The following are several parameter design schemes for the treatment area:

The diameter of the treatment area is 15mm to 30mm, and the distance between the inner arc and the central optical center is 5.0mm to 5.5mm.

The diameter of the treatment area is 15mm to 30mm, and the distance between the inner arc and the central optical center is 5.6mm to 6.0mm.

The diameter of the treatment area is 15mm to 30mm, and the distance between the inner arc and the central optical center is 6.1mm to 6.5mm.

The diameter of the treatment area is 15mm to 30mm, and the distance between the inner arc and the central optical center is 6.6mm to 7.0mm.

The diameter of the treatment area is 15mm to 30mm, and the distance between the inner arc and the central optical center is 7.1mm to 7.5mm.

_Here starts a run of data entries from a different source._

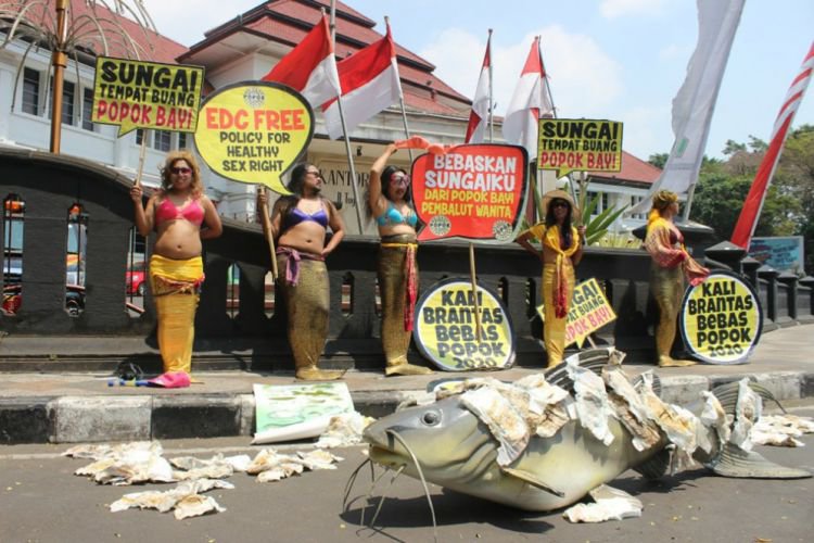 Brigade Evakuasi Popok (Kuapok) Ecological Observation and Wetlands Conservation (Ecoton) mengampanyekan gerakan mengentaskan Kali Brantas dari teror popok bekas bayi.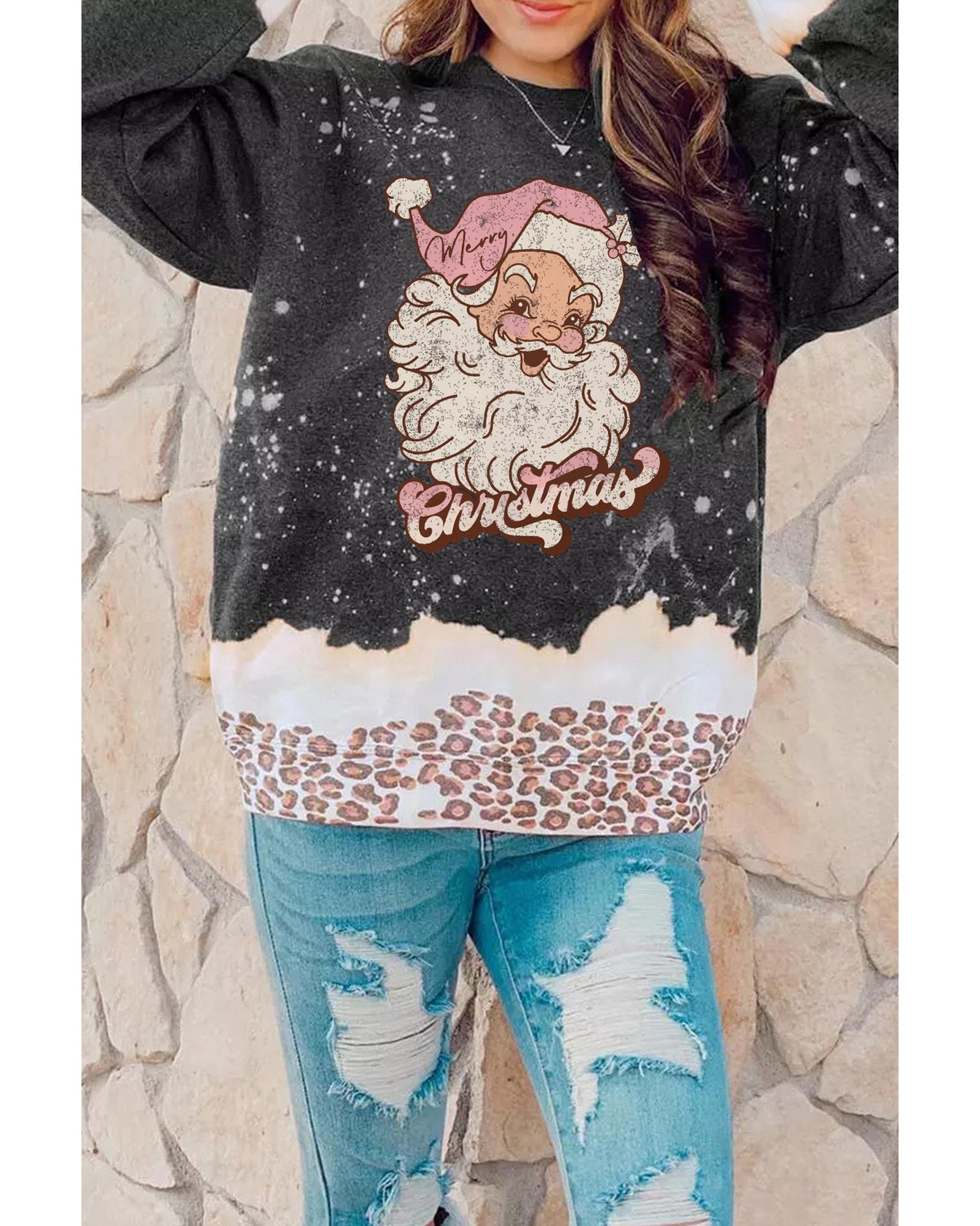 - Stylish Christmas Santa Clause Leopard Print Graphic Sweatshirt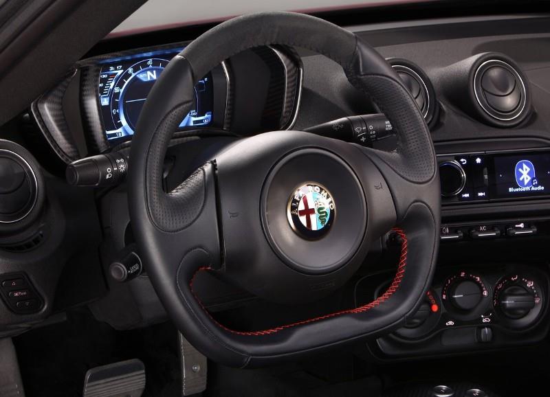 A ces allures, le petit réservoir de 40 litres se vide comme par enchantement, comptez avec le couteau entre les dents entre 13 et 16 l/100 km… quant au confort, soyez plutôt indulgent, les suspensions font pas de cadeau, les moindres irrégularités sont ressenties de manière très ferme, les bruits de roulement sont omni présents, les sièges baquets manquent de soutien latéral. Les grandes courbes, la 4C les adore, les enroule à une vitesse démentielle, la voiture virant bien à plat, remarquablement campée sur ses quatre roues… avec en prime une incroyable motricité, l’autobloquant arrière à commande électronique faisant bien son boulot…., bémol au concerto…, si le freinage confié à quatre gros disques ventilés se veut puissant, progressif et difficile à mettre à genoux, en revanche, la direction ultra directe et précise relève du parcours du combattant… du moins à basse vitesse… et pour cause, il n’y a pas d’assistance (sic !), les manœuvres pour se parquer deviennent donc assez pénibles… mais une fois en mouvement, cela se passe beaucoup mieux… du moins si l’on sait que le train avant suit la moindre saignée de la chaussée (gag !) et que dès lors, mieux vaut tenir fermement cette direction afin de corriger constamment la trajectoire…, ce qui à la longue devient assez fatigant et éprouvant, on prend tout dans les bras…, la solution serait une direction électrique, dont l’assistance diminue au fur et à mesure de la vitesse, cela existe déjà…, ailleurs !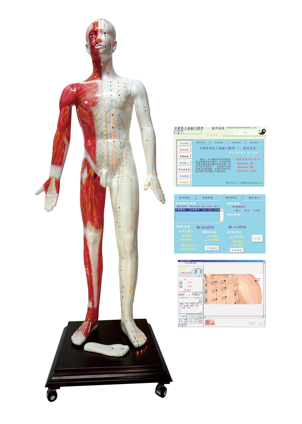 多媒體人體針灸穴位發(fā)光模型... 該系統(tǒng)融計(jì)算機(jī)技術(shù)、電子控制技術(shù)、多媒體技術(shù)、腧穴理論于一體;聲音、屏幕、人體模型同步控制筋絡(luò)腧穴的信息;顯示十二經(jīng)脈循環(huán)流注,經(jīng)脈絡(luò)屬表理對(duì)經(jīng)關(guān)系,特定穴的分布;加之屏幕表層、淺層、深層穴位解剖圖的配合,常見病的辯施治,隨證選穴的查詢及處理輸出,使學(xué)員對(duì)人體經(jīng)絡(luò)腧穴信息有更全方位的了解,更有利于加深印象與理解掌握;同時(shí),亦可用于臨床與科研參考。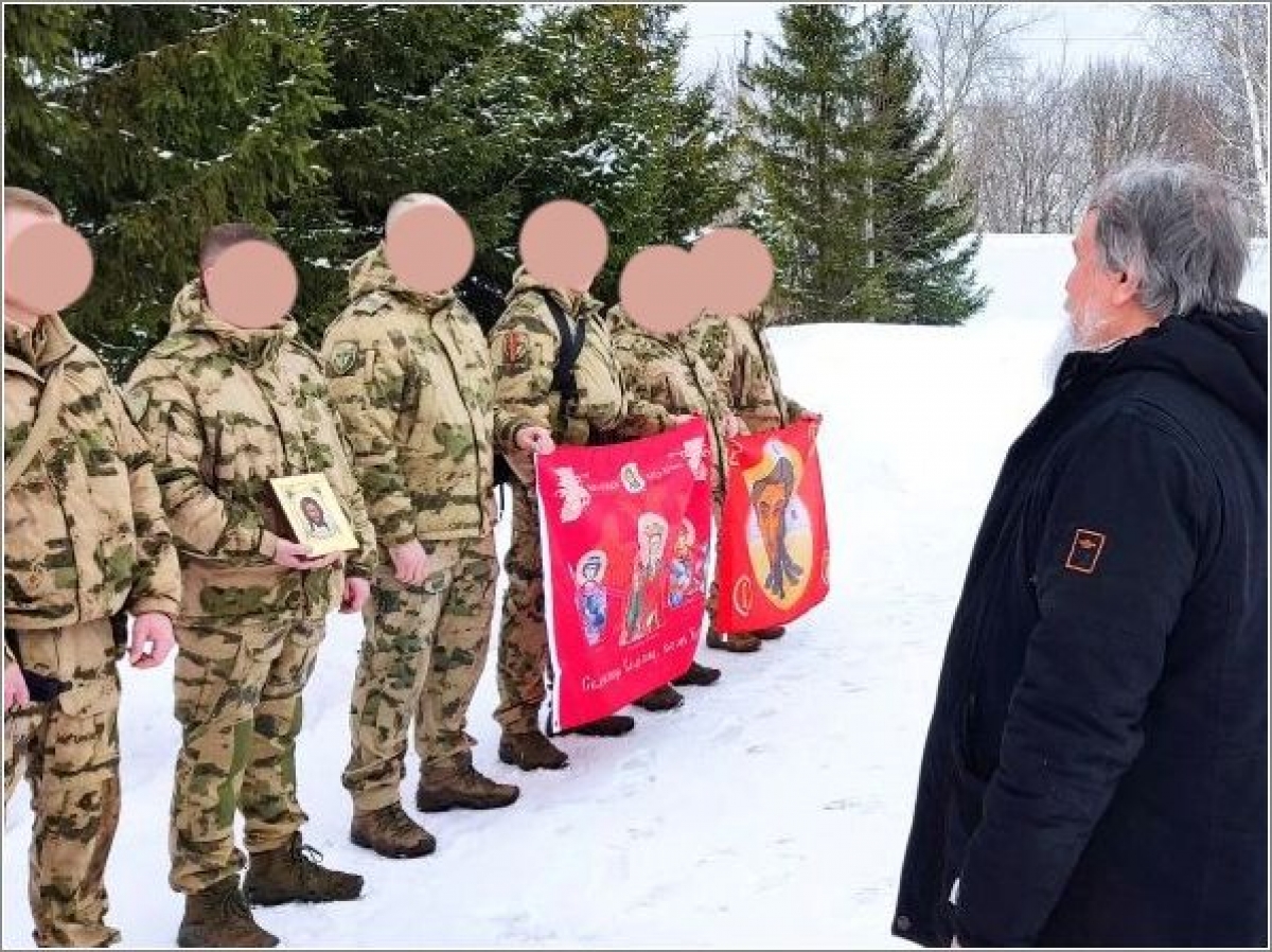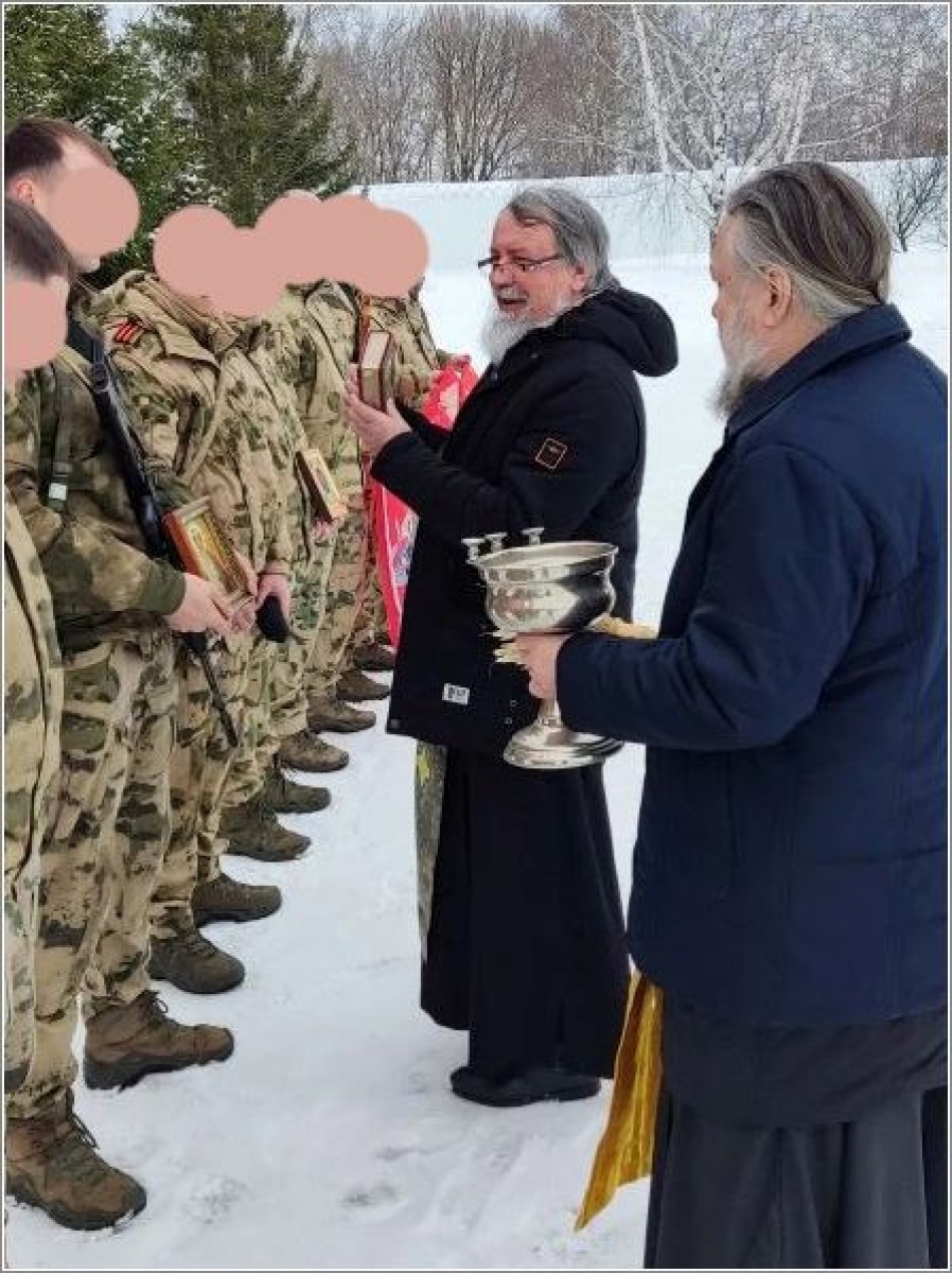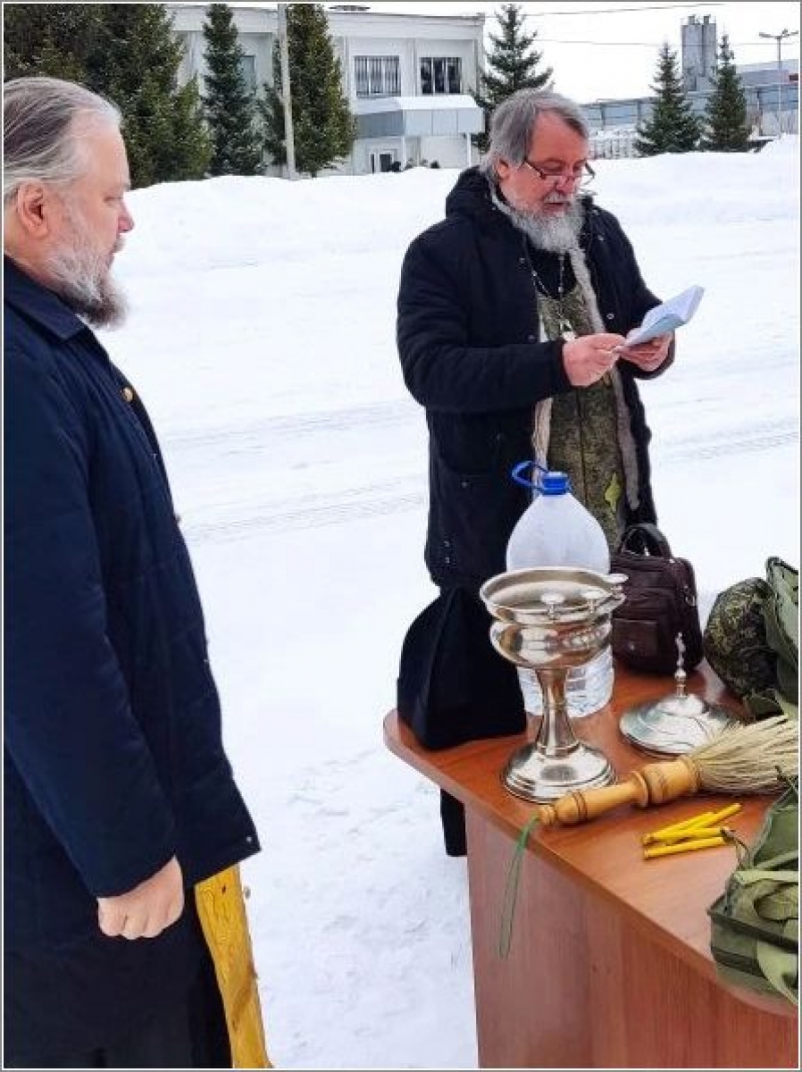 Духовную поддержку перед отправкой в зону боевых действий получили бойцы сводного отряда ОМОН «Тайфун»: протоиерей Владимир Силантьев, руководитель отдела по взаимодействию с вооружёнными силами и правоохранительными органами, и протоиерей Валерий Каранаев совершили специальный молебен о воинах, идущих на брань.

The diameter of the treatment area is 15mm to 30mm, and the distance between the inner arc and the central optical center is 7.6mm to 8.0mm.

The diameter of the treatment area is based on 15mm, and the diameter of the treatment area is increased to 30mm according to the gradation of 5mm, 4mm, 3mm, 2mm, and 1mm, or the diameter of the treatment area is set to 40mm.

The preferred treatment area is set with a diameter of 25mm and a distance of 7.0mm from the inner arc to the central optical center.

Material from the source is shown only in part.